Chapter 20, Problem 26P

(a)

To determine

The current drawn by the motor when it is first started up.

Answer to Problem 26P

The current drawn by the motor when it is first started up is $6.0\text{A}$.

Explanation of Solution

Write an expression for the current drawn by the motor when it is first started up.

  $I=\frac{{\epsilon }_{ext}}{R}$                                                                                                             (I)

Here, $I$  is the current drawn by the motor when it is first started up, ${\epsilon }_{ext}$ is the external emf and $R$ is the resistance.

Conclusion:

Substitute $12\text{V}$ for ${\epsilon }_{ext}$ and $2.0\Omega$  for $R$ in equation (I) to find $I$.

  $\begin{array}{c}I=\frac{12\text{V}}{2.0\Omega }\\ =6.0\text{A}\end{array}$

Thus, the current drawn by the motor when it is first started up is $6.0\text{A}$.

(b)

To determine

The current draws at normal operating speed.

Answer to Problem 26P

The current draws at normal operating speed is $0.551\text{A}$.

Explanation of Solution

Write an expression for Kirchhoff’s voltage law.

  ${\epsilon }_{ext}-I\text{'}R-{\epsilon }_{back}=0$                                                                                                (II)
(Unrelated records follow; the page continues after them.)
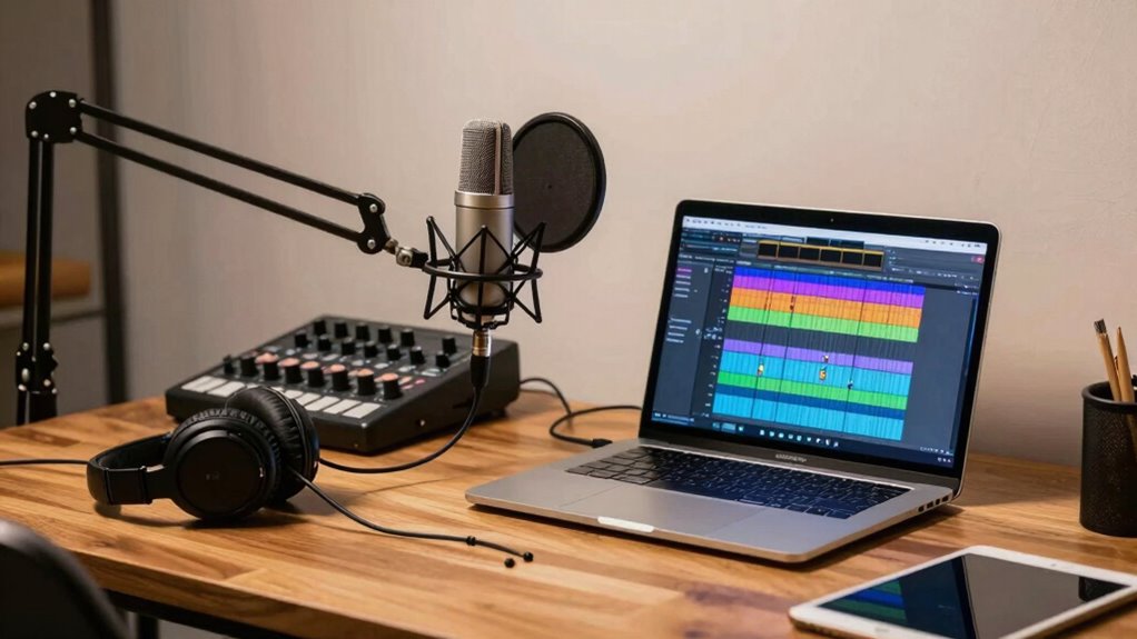 Once you’ve selected the right hardware, your focus should shift to mastering editing techniques that elevate your recordings. Even with a single interface, you can achieve studio-quality results by applying effective editing techniques. Start with noise reduction to eliminate background hums or static, making sure your voice remains prominent. Use equalization (EQ) to fine-tune frequencies; boosting the highs can add brightness, while lowering muddiness in the lows creates a cleaner sound. Compression is another essential tool—it helps control volume fluctuations, making your voice sound consistent and polished. These editing techniques, when applied thoughtfully, substantially improve audio quality without overprocessing.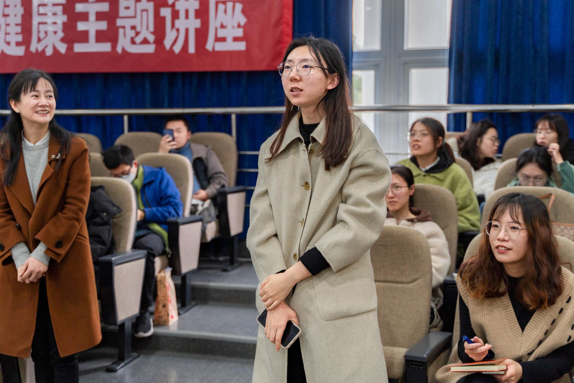 讲座中,郝志敏医生围绕困扰同学们的健康问题,月经量异常、周期不规律、经期疼痛、经期紧张综合征、排卵期出血等问题展开,具体介绍了痛经、经期紧张综合征和阴道炎及HPV等女性生理卫生与心理健康的问题,并提出常见妇科疾病的预防方法、日常注意事项以及女性如何自我保护等相关知识,并倡导女性要正确认识生理健康,做到科学防护,同时要学会自尊自爱,学会保护自己,才能健康成长。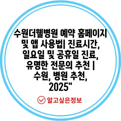 수원더웰병원 예약 홈페이지 및 앱 사용법| 진료시간, 일요일 및 공휴일 진료, 유명한 전문의 추천 | 수원, 병원 추천, 2025″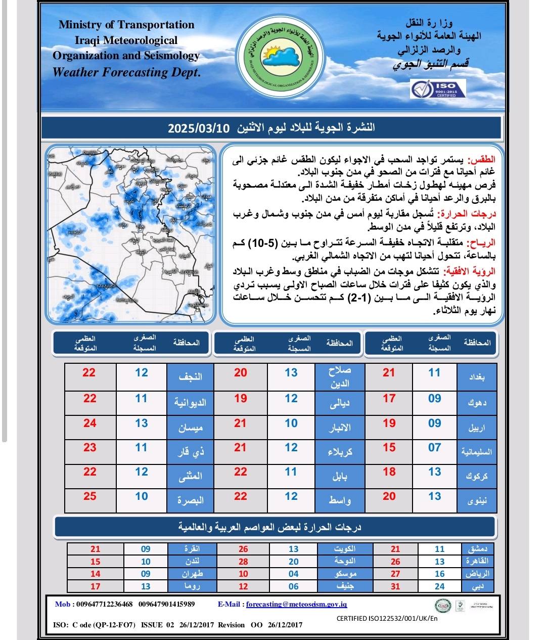 وذكر بيان للهيئة العامة للانواء الجوية والرصد الزلزالي قسم التنبؤ الجوي اليوم الاثنين 10 اذار 2025، أن "غداً الثلاثاء سيكون الطقس في المنطقتين الوسطى والجنوبية صحواً إلى غائم جزئي ويكون الطقس في الأقسام الشرقية من البلاد غانماً يتحسن تدريجياً، ويكون الطقس في المنطقة الشمالية غائماً مع زخات مطر خفيفة خاصة في اقسامها الشرقية ويتحسن تدريجياً، درجات الحرارة ترتفع قليلا في عموم البلاد، الرؤية الافقية (8-10) كم وفي المطر (75) كم".

Here, $I\text{'}$  is the current draw at normal operating speed and ${\epsilon }_{back}$ is the back emf.

Write an expression for back emf.

  ${\epsilon }_{back}=\frac{P}{I\text{'}}$                                                                                                     (III)

Here, $P$ is the power.

Rewrite the expression (II) by using equation (III).

  $\begin{array}{c}{\epsilon }_{ext}-I\text{'}R-\frac{P}{I\text{'}}=0\\ I\text{'}{\epsilon }_{ext}-{I^{\prime }}^{2}R-P=0\end{array}$                                                                                      (IV)

Rearrange (IV) to calculate $I\text{'}$.

  $I\text{'}=\frac{-{\epsilon }_{ext}\pm \sqrt{{\epsilon }_{ext}^2-4\left(-R\right)\left(-P\right)}}{2\left(-R\right)}$                                                                   (V)

Conclusion:

Substitute $12\text{V}$ for ${\epsilon }_{ext}$, $2.0\Omega$ for $R$ and $6.0\text{W}$ for $P$ in equation (V) to find $I\text{'}$.

  $\begin{array}{c}I\text{'}=\frac{-12\text{V}\pm \sqrt{{\left(12\text{V}\right)}^2-4\left(-2.0\Omega \right)\left(-6.0\text{W}\right)}}{2\left(-2.0\Omega \right)}\\ =\frac{-12\text{V}\pm \sqrt{{\left(12\text{V}\right)}^2-48{\text{V}}^2}}{\left(-4.0\Omega \right)}\\ =0.551\text{A}\end{array}$

Thus, the current draws at normal operating speed is $0.551\text{A}$.

(c)

To determine

The back emf induced in the winding at normal speed.

Answer to Problem 26P

The back emf induced in the winding at normal speed is $10.9\text{V}$.

Explanation of Solution

Write an expression for back emf induced in the winding at normal speed.

  ${{\epsilon }^{\prime }}_{back}={\epsilon }_{ext}-I^{\prime }R$                                                                                          (VI)

Here, ${{\epsilon }^{\prime }}_{ext}$ is the back emf induced in the winding at normal speed.

Conclusion:

Substitute $12\text{V}$ for ${\epsilon }_{ext}$, $0.551\text{A}$ for $I^{\prime }$ and $2.0\Omega$ for $R$ in equation (VI) to find ${{\epsilon }^{\prime }}_{ext}$.

  $\begin{array}{c}{{\epsilon }^{\prime }}_{back}=12\text{V}-\left(0.551\text{A}\right)\left(2.0\Omega \right)\\ =12\text{V}-1.1\text{V}\\ =10.9\text{V}\end{array}$

Thus, the back emf induced in the winding at normal speed $10.9\text{V}$.